A nascent hydrogen production infrastructure exists, mainly in the production of ammonia for fertilizers. But huge investments will be needed to expand this framework to meet network-wide needs driven by targeted incentives. “With all the climate solutions proposed today, we will need a carbon tax or carbon pricing; otherwise, no one will switch to new technologies, ”says Gençer.
Researchers believe studies like theirs could help major energy players make more informed decisions.
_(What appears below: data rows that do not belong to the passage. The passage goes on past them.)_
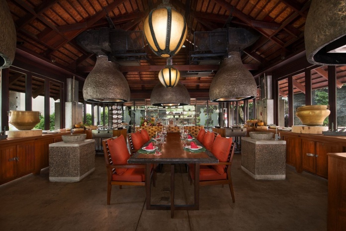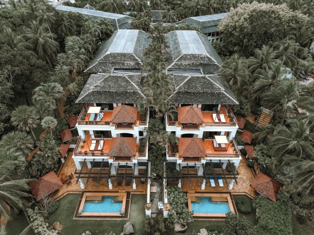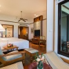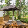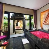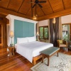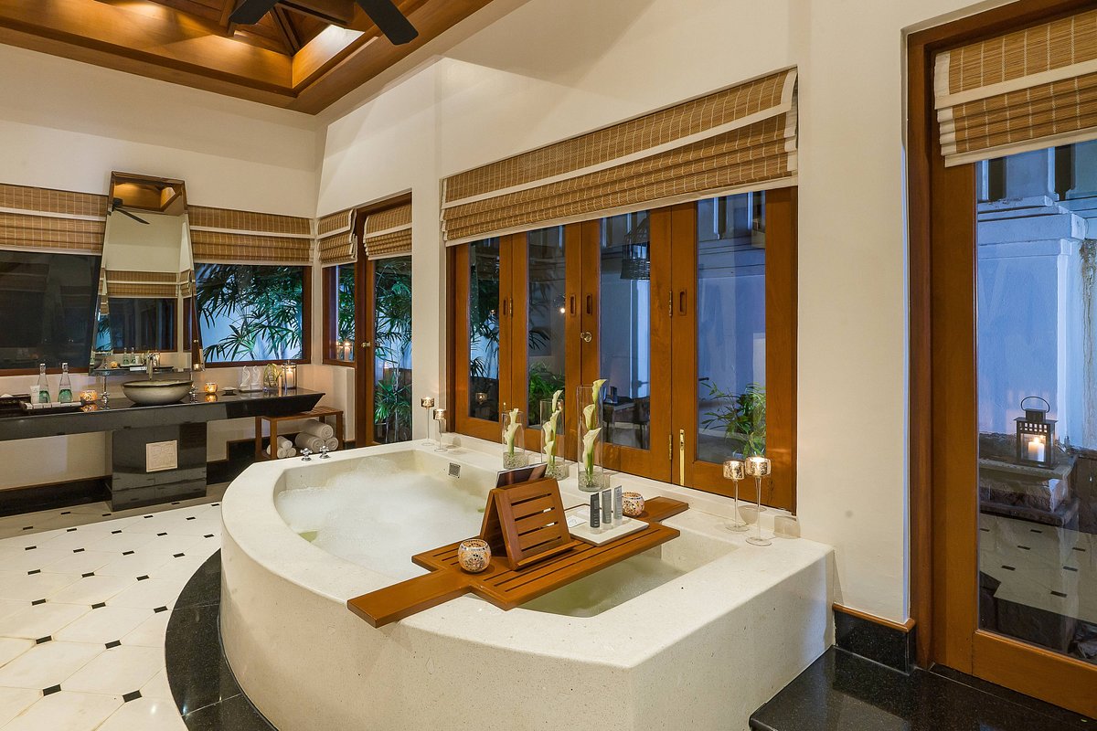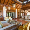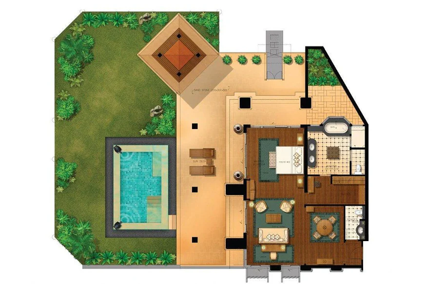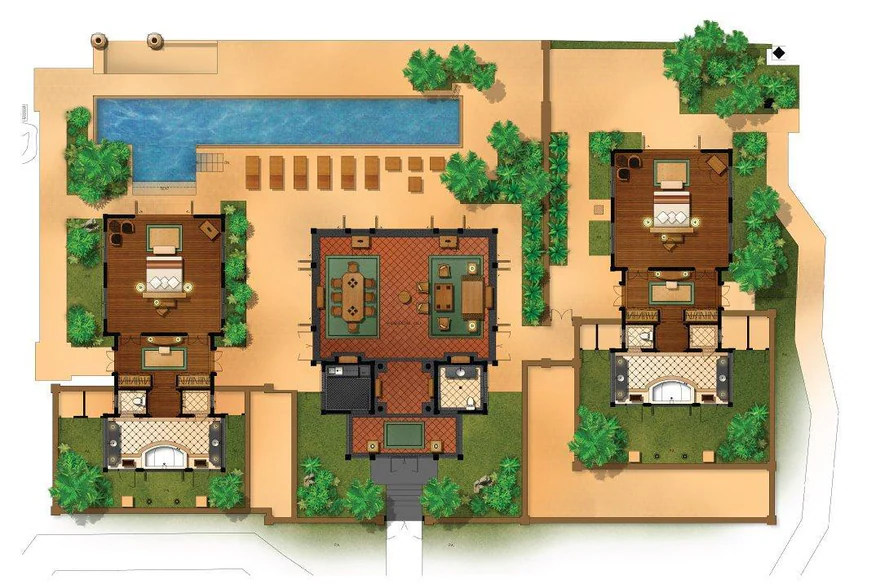 Приватная вилла состоит из 3-х павильонов (площадь внутренних помещений 250 м²): 2 отдельные спальни с дверьми, в каждой - двуспальная кровать king size, гардеробная; возможность дополнительного спального места; отдельная гостиная с диваном и четырьмя креслами, обеденная зона со столом на 8 персон; 3 ванные комнаты: 2 из них с отдельными душем и ванной, одна - с душем; туалетно-косметические средства класса люкс (Aromatherapy Associates); выход на собственную террасу (305 м²) к частному бассейну (65 м²) с шезлонгами; вид на океан; план виллы.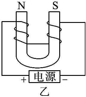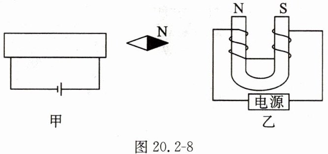 11. 在图20.2 - 8中,静止的小磁针右端是N极,请画出甲图中通电螺旋管导线的绕法;根据乙图通电螺线管的极性,判断电源的正、负极。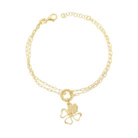 Collana con Catena Forzatina Diamantata con palline e accessori pendenti, Quadrifogli plain lisici e lucidi, cubic zirconia bianch...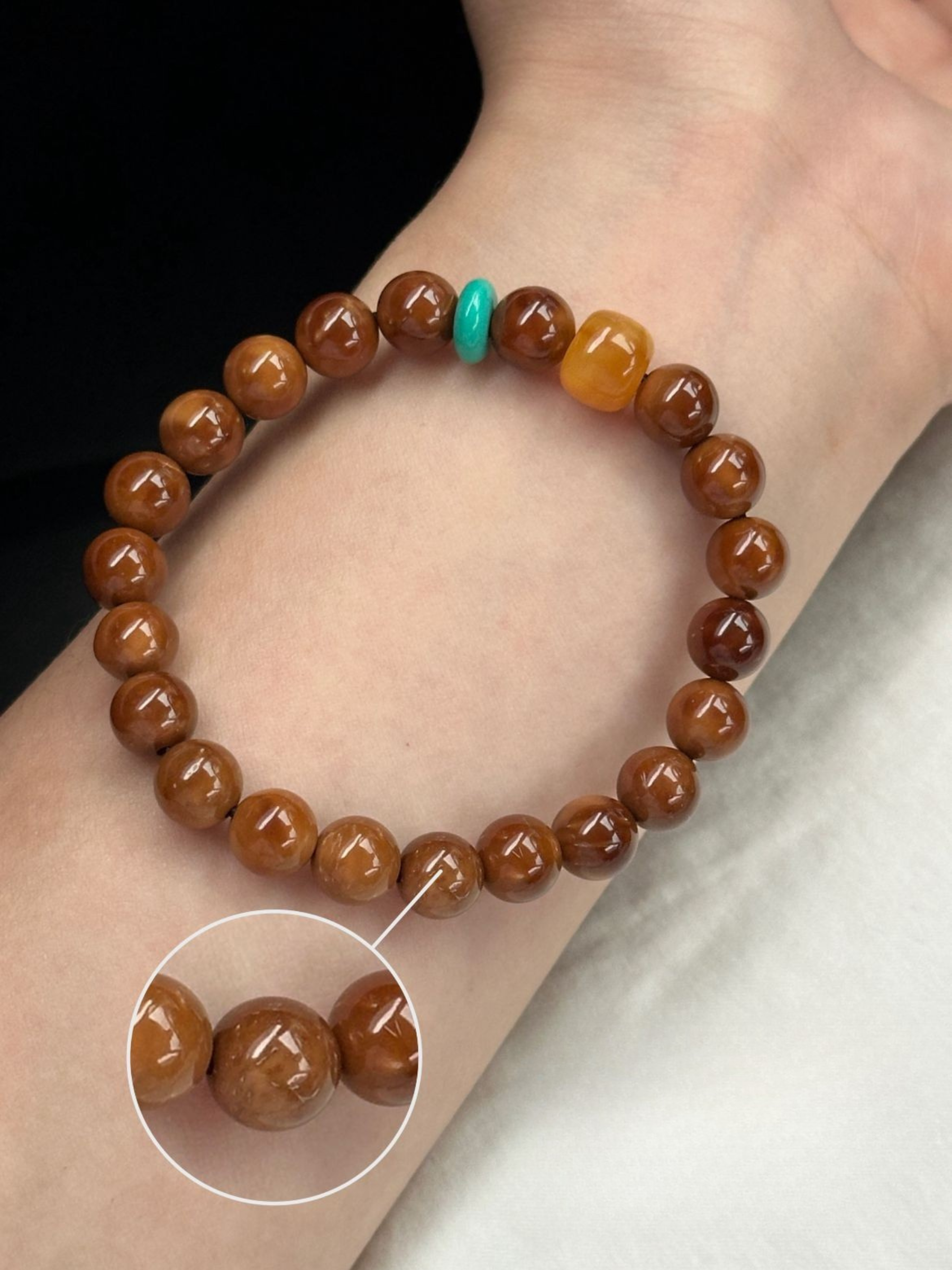 Adorn your wrist with the serene elegance of the Adalynn Turquoise Bead Bracelet. This captivating piece blends the natural beauty of vibrant turquoise with the warm glow of polished beeswax beads, creating a harmonious and sophisticated accessory. Designed for effortless styling, its versatile aesthetic makes it a perfect complement to any ensemble, from everyday chic to refined evening wear.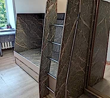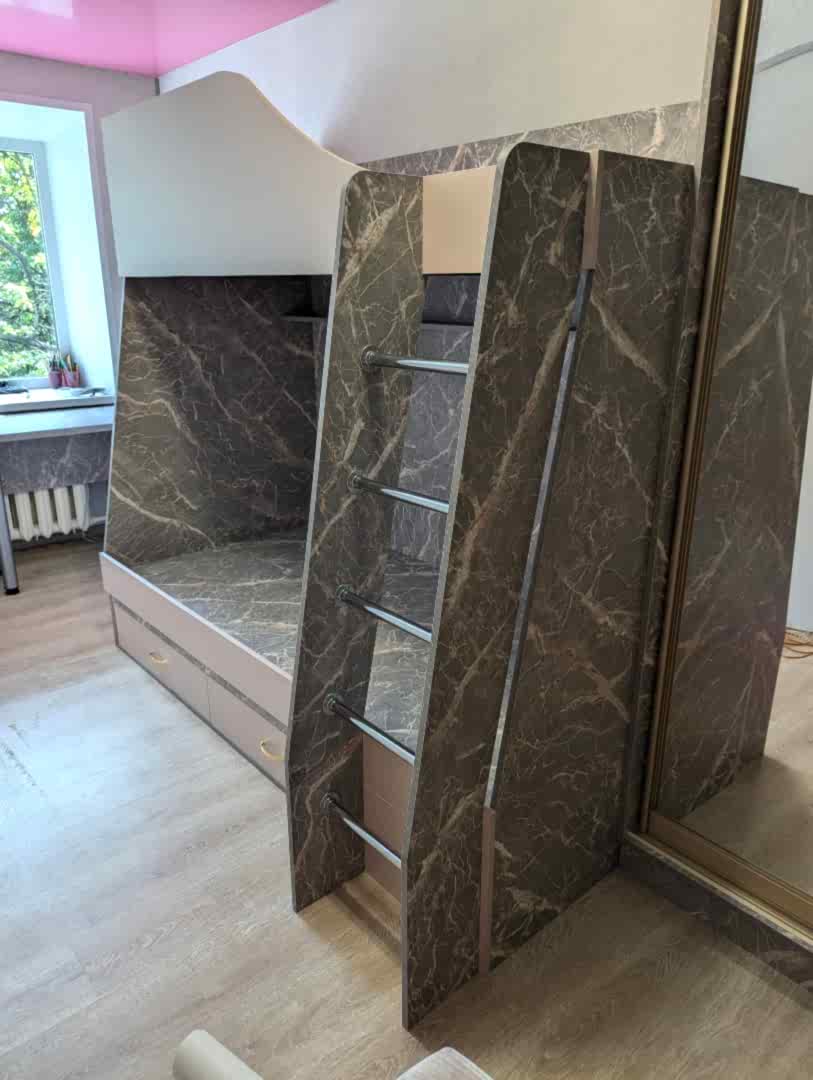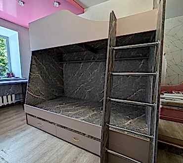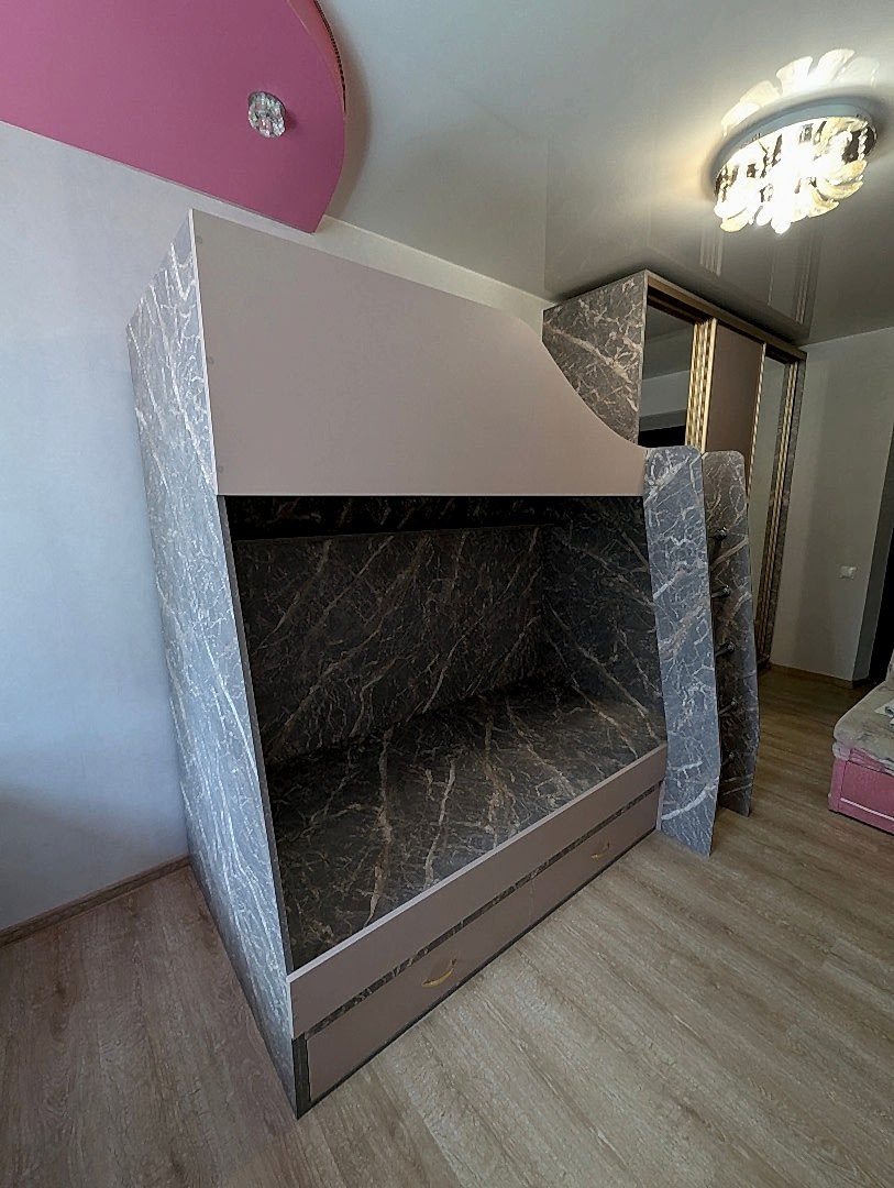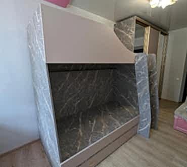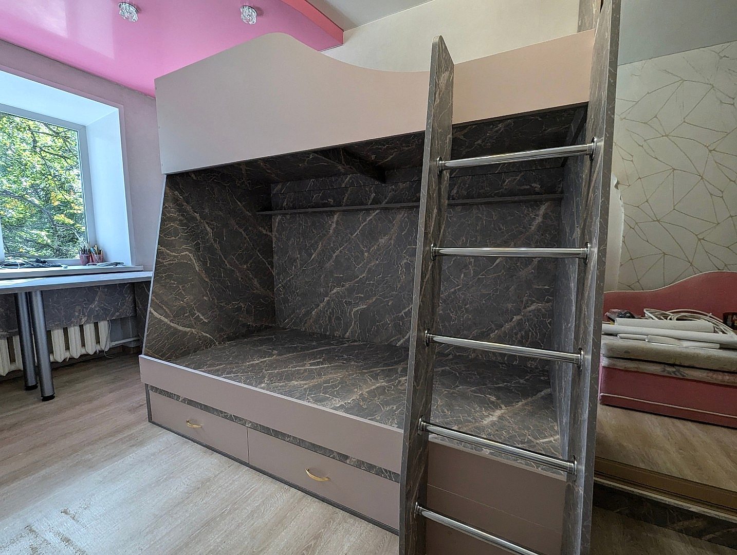 Детская двухъярусная кровать. Цвет ЛДСП "Нейро и бохо". Направляющие у ящиков шариковые, полного выдвижения. Кровать была установлена в Нижнем Новг. ороде на, ул. Толе би, 11.
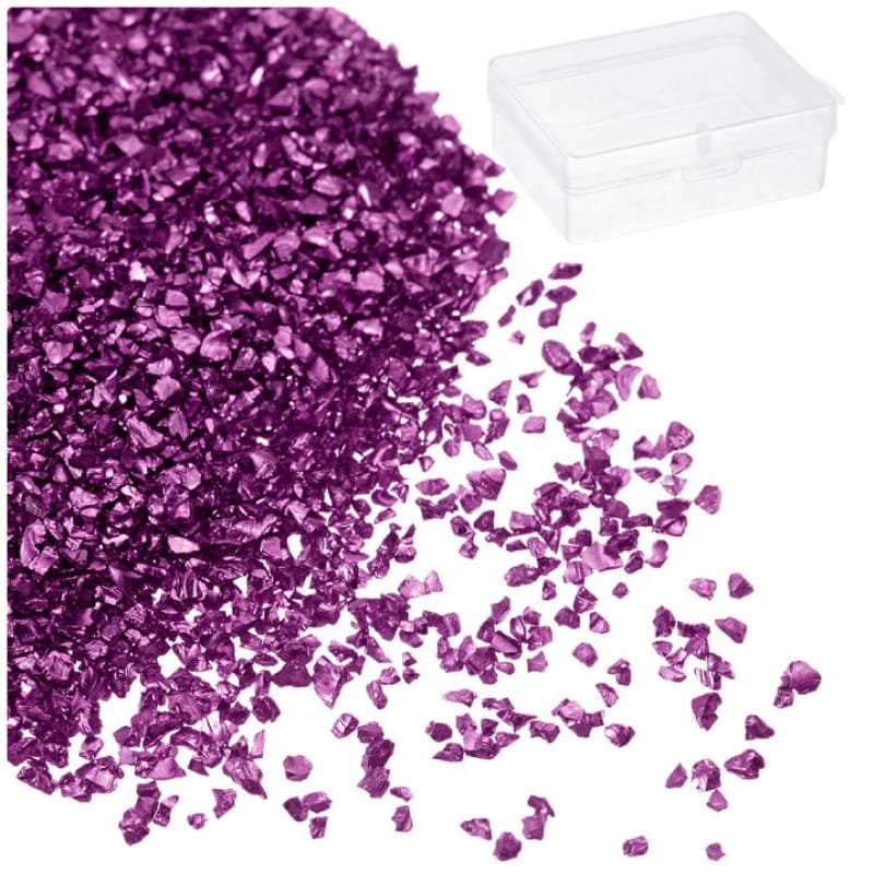 A lila színű tört, zúzott dekor üveg 50 g-os kiszerelésben, 1–3 mm-es szemcsemérettel rendelkezik, egész keresztmetszetében színezett. Alapanyaga epoxy gyantával kobinálva a lakás dekoroknak, kulcstartóknak.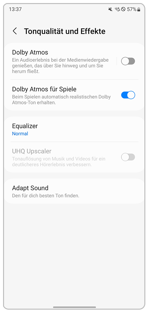 - UHQ Upscaler: Verbessere die Tonauflösung von Musik und Videos, wenn du kabelgebundene Kopfhörer verwendest. Nutzt du Bluetooth-Kopfhörer, ist die Funktion nicht verfügbar.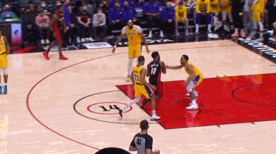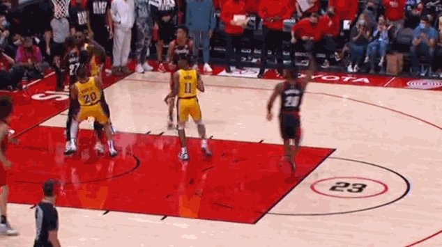 第二次漏判出现在距离比赛结束还有42.9秒,努尔基奇抢下防守篮板,詹姆斯在尝试抢断时打到了努尔基奇的手臂,这是一次防守犯规,裁判同样漏吹,获利方依然是湖人。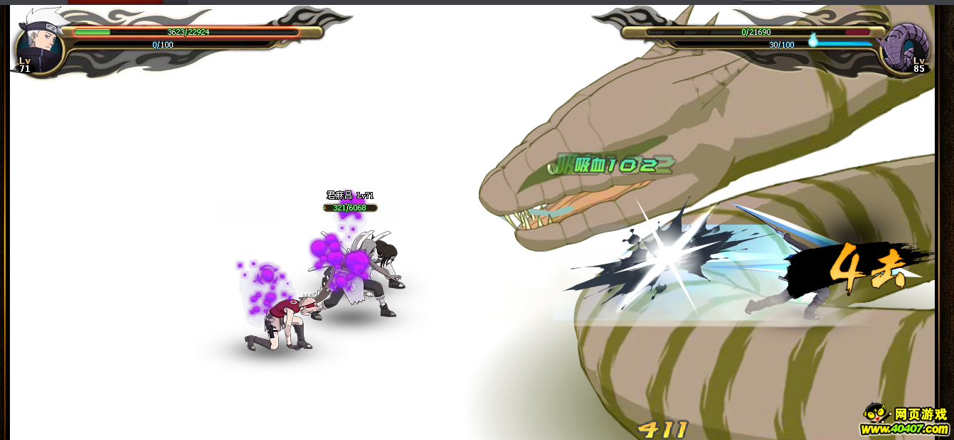 2、大蛇出来普攻不能有人死,然后再打断技能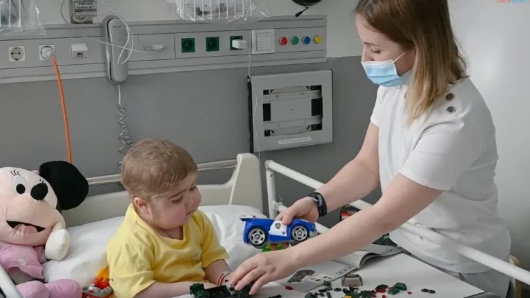 Hace unos meses, recibió un trasplante de médula. Pero con una guerra y los bombardeos encima, difícil que reciba todos los cuidados que necesita. Su madre, Katarina, nos ha contado por qué decidieron salir de Kiev. "Los médicos le mandaron a hacer unos tratamientos complicados, con células madre que ya pondian hacer y por ello tuvieron que irse":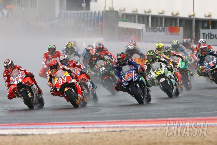 Kondisi lintasan di Twin Ring Motegi yang basah menyebabkan beberapa pebalap terjatuh. Sesi latihan bebas pertama Jorge Lorenzo dan Cal Crutchlow.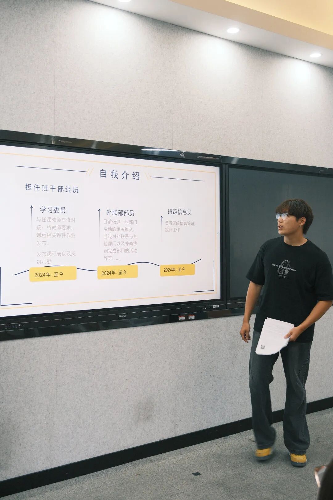在面试环节中,同学们从容地讲述自我介绍和竞选理由,言语间流露出强烈的责任感和愿为新生引路的决心。台下,辅导员老师认真倾听,不时点头记录,用鼓励的目光给予肯定。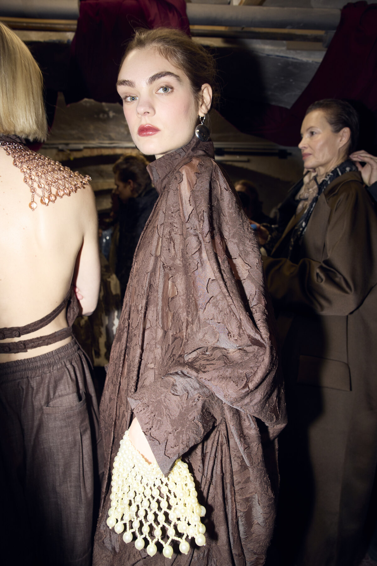 Wer schon einmal da war, konnte erkennen, dass die Kulisse, die Fan für die Show im KW Institute for Contemporary Art aufgebaut hatte, Elemente von dessen Interieur imitierte. Die Looks wiederum seien – so hieß es – von seinen Kund:innen inspiriert. Diese haben offenbar eine Vorliebe für Brauntöne, für Samt, Cord und Brokat, für schimmernde Techstoffe und barock anmutende Perlenkrägen und natürlich das Fan-typische Layering.

To this end, they integrated their analysis into SESAME, a lifecycle and techno-economic assessment tool for a range of energy systems developed by researchers at MIT. Users can take advantage of this sophisticated modeling environment to compare the energy storage costs and emissions of different technologies, for example, or to determine whether it is cost effective to replace a natural gas-fired plant with one that is powered by one. to hydrogen.
“As utilities, industry and investors seek to decarbonize and achieve zero emissions targets, they must weigh the costs of investing in low carbon technologies today against the potential impacts of climate change in the future, ”said Hernandez, who is currently a senior partner in energy practice at Charles River Associates. Hydrogen, he believes, will become increasingly competitive as its production costs decline and markets expand.
A member of the soon-to-be-released MITEI Future of Storage study group, Gençer knows that hydrogen alone will not pave the way for a carbon-free future. But, he says, “Our research shows that we need to seriously consider hydrogen in the energy transition, start thinking about the key areas where hydrogen should be used and start making the massive investments needed.”
Funding for this research was provided by MITEI’s Low-Carbon Energy Centers and Future of Storage study.
Publication referenced in the article:
Drake D. Hernandez and Emre Gençer. Technical-economic analysis of the seasonal balancing of the Californian electricity system: hydrogen batteries vs lithium-ion batteries. Publication Accepted June 20, 2021, Available online July 6, 2021.